### Your instructions
Below are some records. Return exactly the lines from the one containing "Scoop Neck Long" through the one containing "Custom Embroidered Converse", both included, and only those.

### Extracted entries
───
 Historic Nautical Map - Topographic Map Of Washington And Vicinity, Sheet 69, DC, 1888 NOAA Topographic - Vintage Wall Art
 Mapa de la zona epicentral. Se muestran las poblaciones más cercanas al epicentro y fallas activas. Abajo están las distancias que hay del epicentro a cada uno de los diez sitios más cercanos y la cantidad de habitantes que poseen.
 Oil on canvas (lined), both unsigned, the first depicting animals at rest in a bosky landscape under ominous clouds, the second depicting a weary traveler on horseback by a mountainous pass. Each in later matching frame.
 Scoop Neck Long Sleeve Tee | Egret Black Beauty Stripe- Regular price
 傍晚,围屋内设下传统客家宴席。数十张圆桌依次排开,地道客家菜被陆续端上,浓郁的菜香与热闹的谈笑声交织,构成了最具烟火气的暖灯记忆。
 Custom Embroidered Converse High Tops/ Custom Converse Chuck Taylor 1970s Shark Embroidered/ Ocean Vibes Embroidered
───
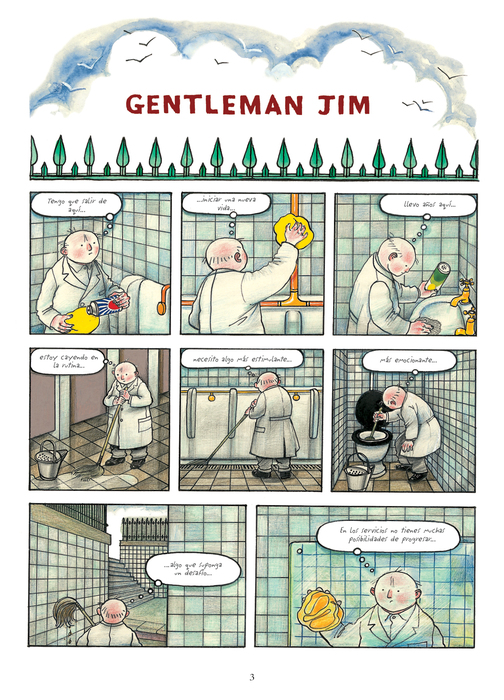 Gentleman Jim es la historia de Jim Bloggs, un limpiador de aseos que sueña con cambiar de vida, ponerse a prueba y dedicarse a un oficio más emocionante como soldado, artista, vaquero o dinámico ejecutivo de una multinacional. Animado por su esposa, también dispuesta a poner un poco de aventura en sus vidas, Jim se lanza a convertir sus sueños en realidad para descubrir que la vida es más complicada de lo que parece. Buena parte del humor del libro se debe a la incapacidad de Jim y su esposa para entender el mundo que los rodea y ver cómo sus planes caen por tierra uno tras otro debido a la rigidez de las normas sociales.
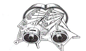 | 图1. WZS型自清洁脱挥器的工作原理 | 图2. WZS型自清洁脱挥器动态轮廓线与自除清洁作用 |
───
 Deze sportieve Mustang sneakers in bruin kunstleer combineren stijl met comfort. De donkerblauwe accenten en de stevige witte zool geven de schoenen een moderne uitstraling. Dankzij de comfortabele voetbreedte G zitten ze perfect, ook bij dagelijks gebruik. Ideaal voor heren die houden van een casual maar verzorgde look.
───
### Written answer
 Scoop Neck Long Sleeve Tee | Egret Black Beauty Stripe- Regular price
 傍晚,围屋内设下传统客家宴席。数十张圆桌依次排开,地道客家菜被陆续端上,浓郁的菜香与热闹的谈笑声交织,构成了最具烟火气的暖灯记忆。
 Custom Embroidered Converse High Tops/ Custom Converse Chuck Taylor 1970s Shark Embroidered/ Ocean Vibes Embroidered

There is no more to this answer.